======== DATA PROVIDED ========

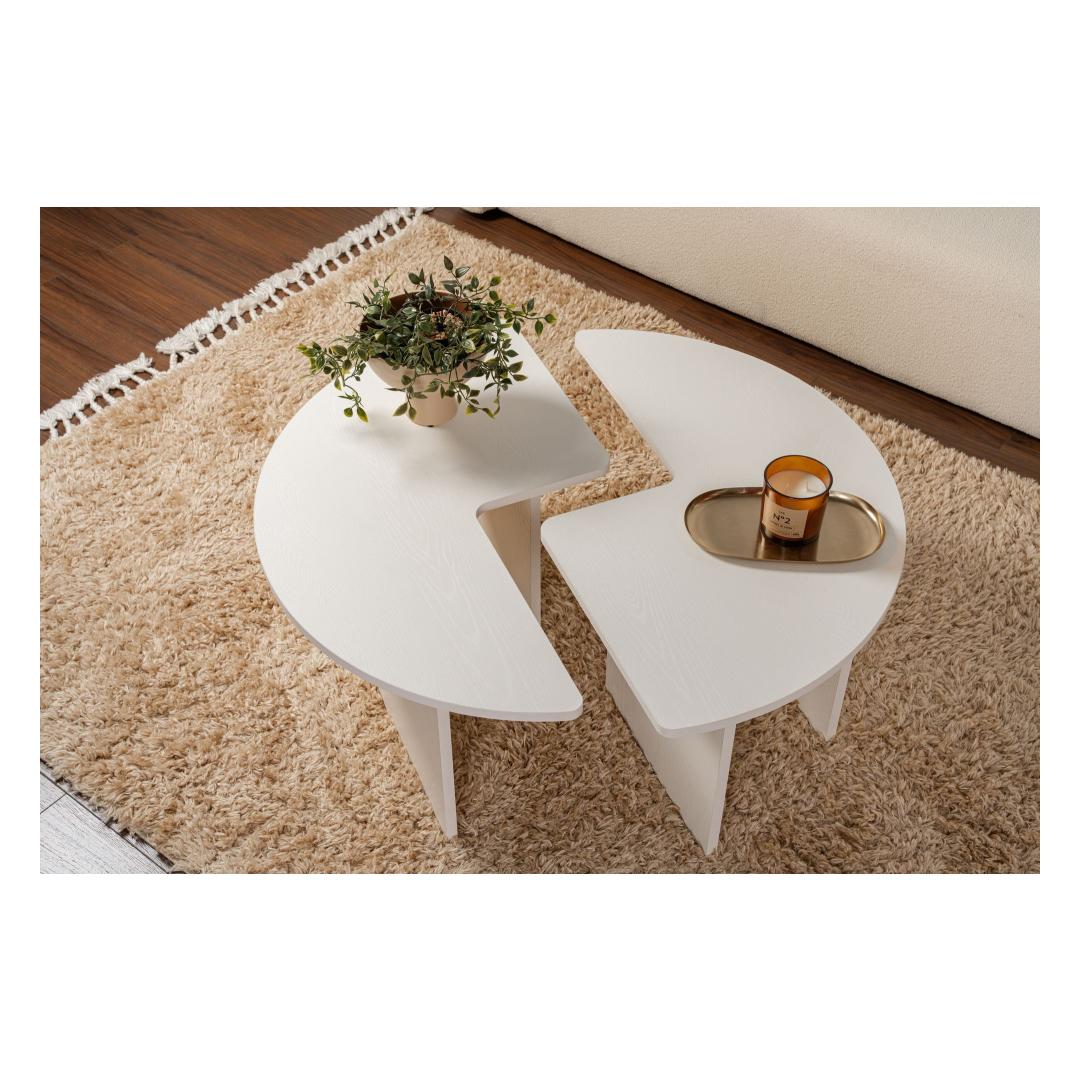 Valmistatud 18 mm paksusest melamiiniga kaetud puitlaastplaadist, on see kohvilaud loodud kestma. Tugev konstruktsioon tagab stabiilsuse ja toe kõigile teie elutoa tarvikutele. Puidu Valge värv lisab teie kodu sisustusele elegantsi ja võlu.
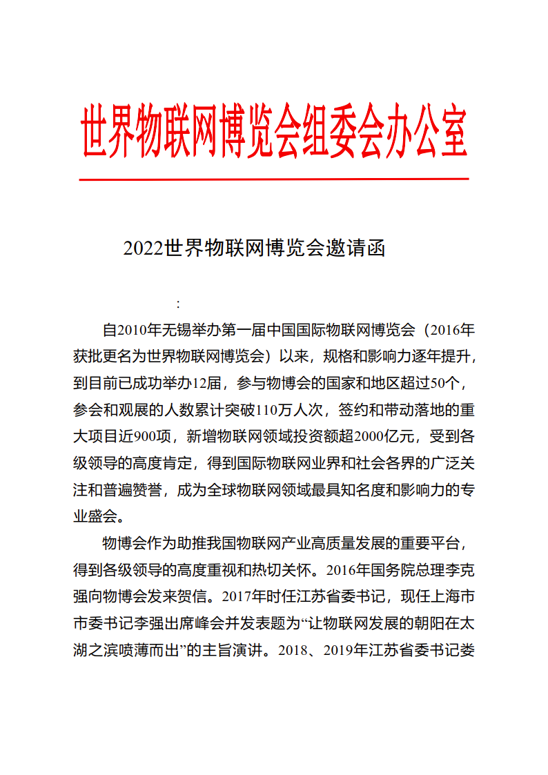 诚邀贵方参加2022世界物联网博览会展示,共同见证国内国际物联网产业的成长与辉煌!
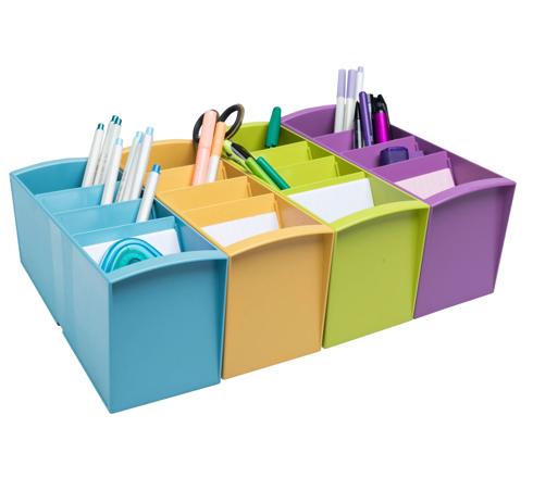 Its 4 compartments of different depths, from 8 to 11cm, allow you to use it as a pencil holder, store your highlighters, scissors, sticky notes, telephone or various small accessories. Usable upright or lying down and juxtaposable, you can clip several products together using the clips provided. This will allow you to optimise your organisation and increase your storage capacity.
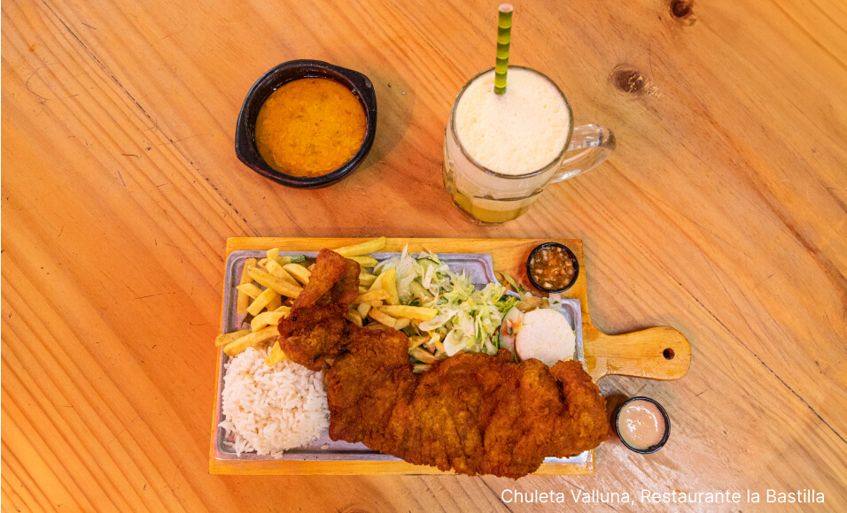 La chuleta valluna es un plato icónico de la región que consiste en una chuleta de cerdo empanizada y frita, acompañada de arroz, tajadas de plátano maduro, aguacate y ensalada. Es una combinación de sabores y texturas deliciosas. Pruébala en el restaurante Casa Vieja de Cartago.
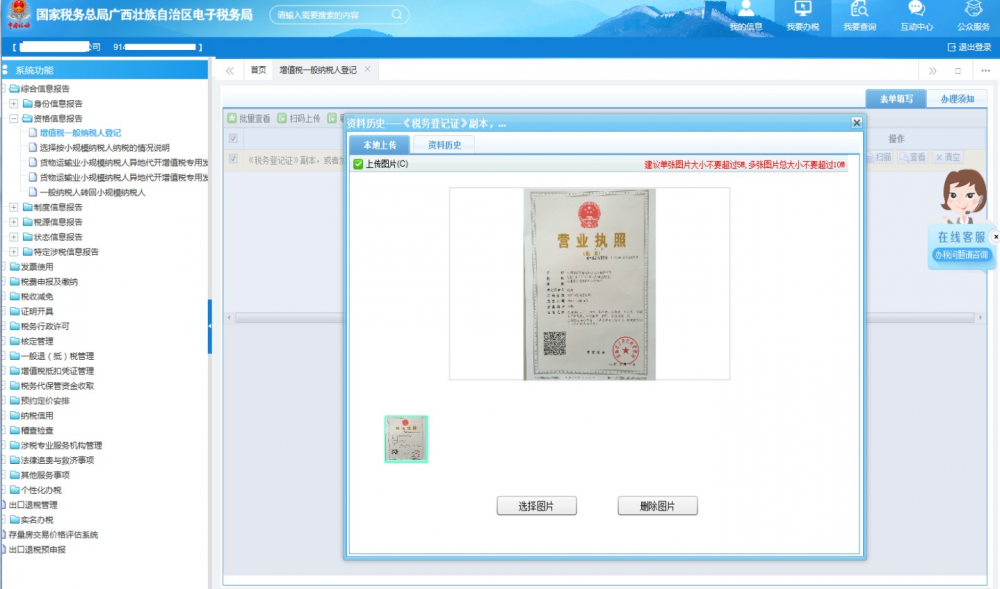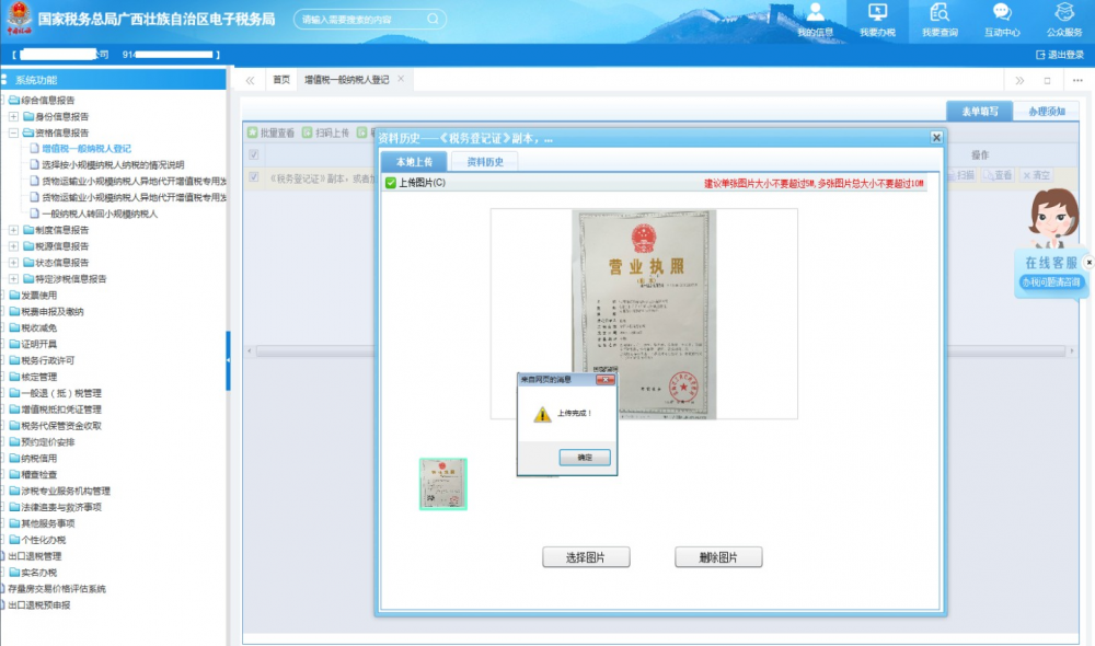 點擊【選擇】/【掃描】/【掃碼上傳】按鈕,從本地選擇一張圖片,點擊【上傳圖片】
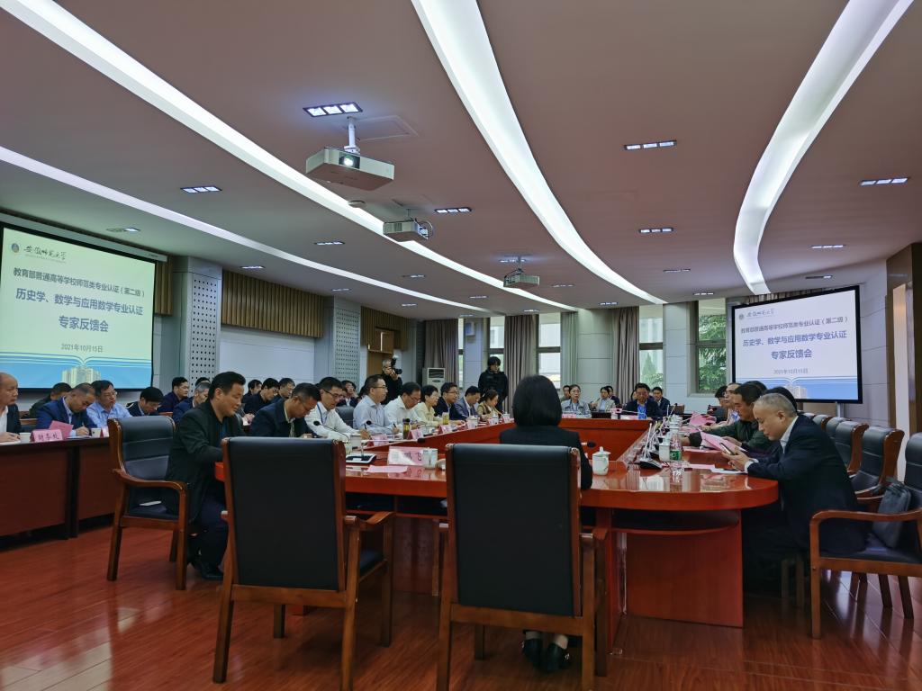 (本网讯/英国上市公司365)10月13-15日,根据教育部部署,由南通大学丁锦宏教授带队的教育部师范类专业认证专家组,对公司历史学师范类专业进行认证现场考查。10月13日上午,在花津校区会议中心第一会议厅举行了专家组见面会,专家组全部成员出席会议。安徽省教育厅评估中心负责同志,英国正版365官方网站党委书记胡朝荣,副董事长彭凤莲,公司党委常委、副董事长任永,校相关职能处室负责人,公司与数统公司班子成员,师范类专业建设负责人、骨干教师代表参加了见面会,公司教学副经理丁修真代表专业做了认证工作汇报。
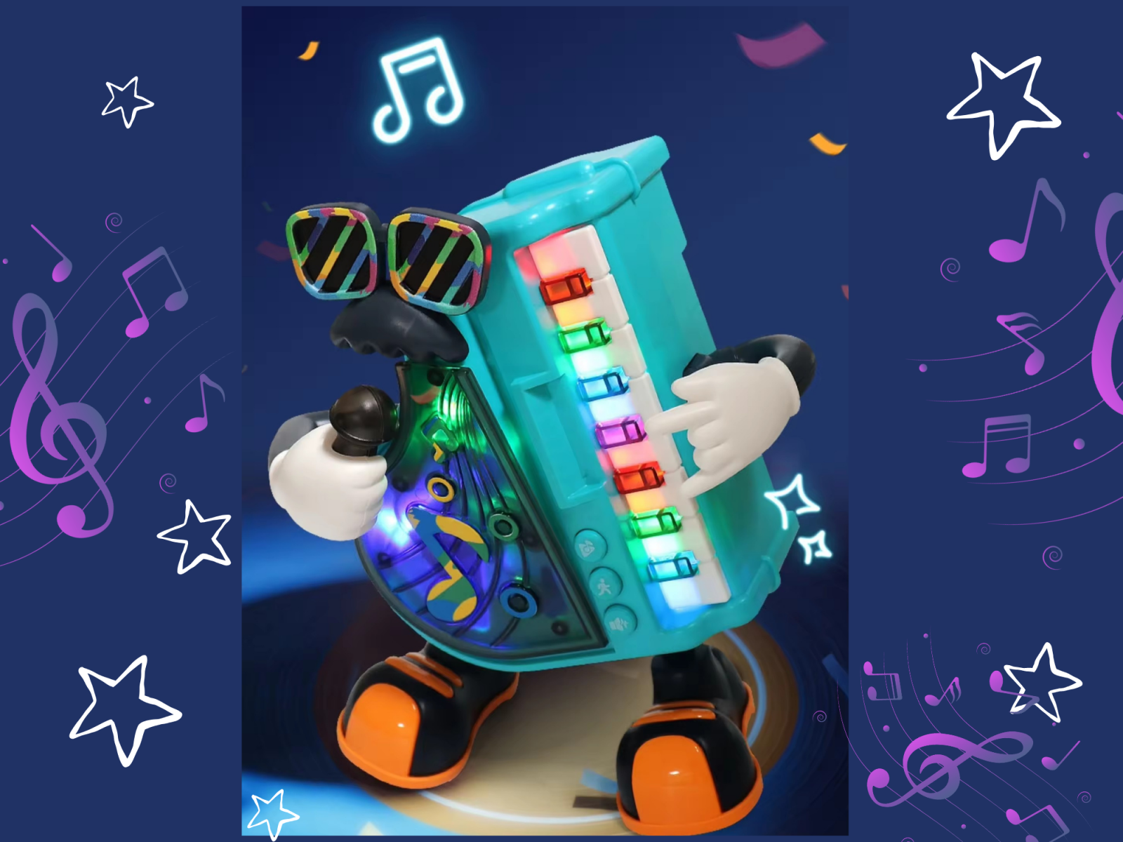 - Joaca interactiva: Miscarile de dans stanga-dreapta si luminile sincronizate transforma joaca intr-o activitate activa si distractiva.
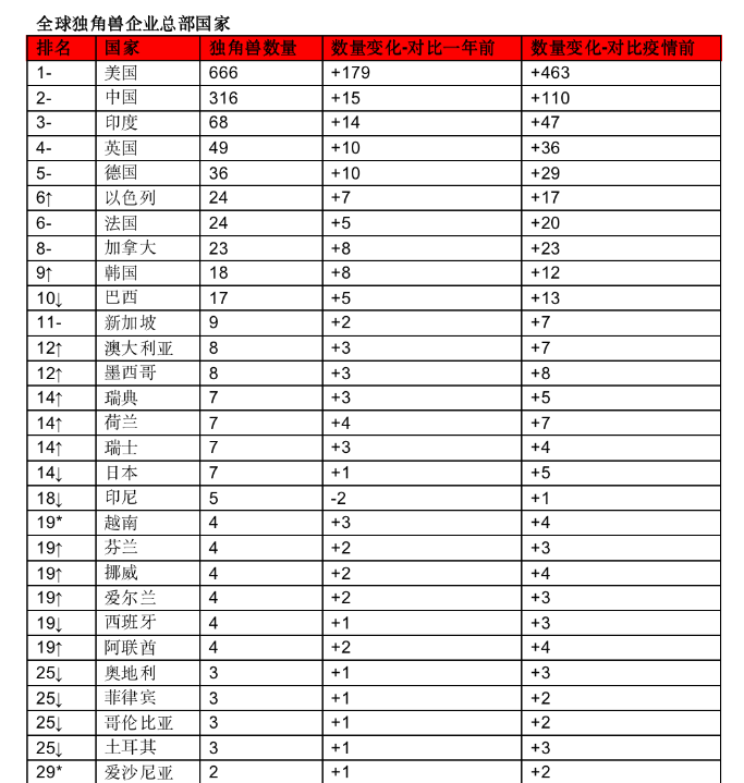 榜单显示,目前,全球有1361家独角兽企业,分布在48个国家。这其中,美国以666家独角兽企业领先,占全球独角兽总数的49%,中国则以316家位居第二,比一年前增加15家,独角兽数量比后面15个国家加在一起还要多。
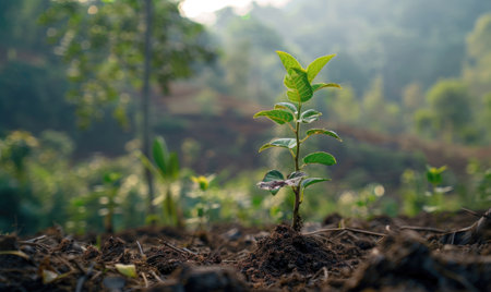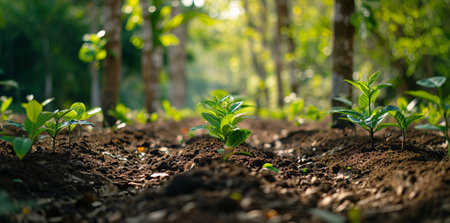 Image features small green trees growing from rich soil, ideal for themes around nature, sustainability, and eco-friendly practices. Perfect for garden, landscape, and environmental projects.
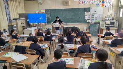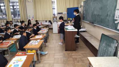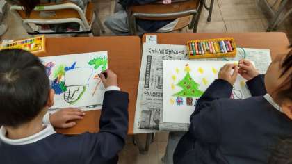 絵で冬休みの思い出を表して、みんなの前で発表しています。
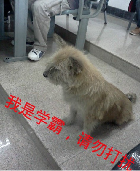 代号:‘学霸狗’,学校:保定市高校圈,稳坐前排听课听得很认真,一会跑课堂听课,一会溜达到图书馆上自习。几所高校离得近,都留下了它的身影。

========

▶ **WORK TO COMPLETE**: The data must be printed exactly, image-free.

▶ **REPLY**:
 Valmistatud 18 mm paksusest melamiiniga kaetud puitlaastplaadist, on see kohvilaud loodud kestma. Tugev konstruktsioon tagab stabiilsuse ja toe kõigile teie elutoa tarvikutele. Puidu Valge värv lisab teie kodu sisustusele elegantsi ja võlu.
 诚邀贵方参加2022世界物联网博览会展示,共同见证国内国际物联网产业的成长与辉煌!
 Its 4 compartments of different depths, from 8 to 11cm, allow you to use it as a pencil holder, store your highlighters, scissors, sticky notes, telephone or various small accessories. Usable upright or lying down and juxtaposable, you can clip several products together using the clips provided. This will allow you to optimise your organisation and increase your storage capacity.
 La chuleta valluna es un plato icónico de la región que consiste en una chuleta de cerdo empanizada y frita, acompañada de arroz, tajadas de plátano maduro, aguacate y ensalada. Es una combinación de sabores y texturas deliciosas. Pruébala en el restaurante Casa Vieja de Cartago.
 點擊【選擇】/【掃描】/【掃碼上傳】按鈕,從本地選擇一張圖片,點擊【上傳圖片】
 (本网讯/英国上市公司365)10月13-15日,根据教育部部署,由南通大学丁锦宏教授带队的教育部师范类专业认证专家组,对公司历史学师范类专业进行认证现场考查。10月13日上午,在花津校区会议中心第一会议厅举行了专家组见面会,专家组全部成员出席会议。安徽省教育厅评估中心负责同志,英国正版365官方网站党委书记胡朝荣,副董事长彭凤莲,公司党委常委、副董事长任永,校相关职能处室负责人,公司与数统公司班子成员,师范类专业建设负责人、骨干教师代表参加了见面会,公司教学副经理丁修真代表专业做了认证工作汇报。
 - Joaca interactiva: Miscarile de dans stanga-dreapta si luminile sincronizate transforma joaca intr-o activitate activa si distractiva.
 榜单显示,目前,全球有1361家独角兽企业,分布在48个国家。这其中,美国以666家独角兽企业领先,占全球独角兽总数的49%,中国则以316家位居第二,比一年前增加15家,独角兽数量比后面15个国家加在一起还要多。
 Image features small green trees growing from rich soil, ideal for themes around nature, sustainability, and eco-friendly practices. Perfect for garden, landscape, and environmental projects.
 絵で冬休みの思い出を表して、みんなの前で発表しています。
 代号:‘学霸狗’,学校:保定市高校圈,稳坐前排听课听得很认真,一会跑课堂听课,一会溜达到图书馆上自习。几所高校离得近,都留下了它的身影。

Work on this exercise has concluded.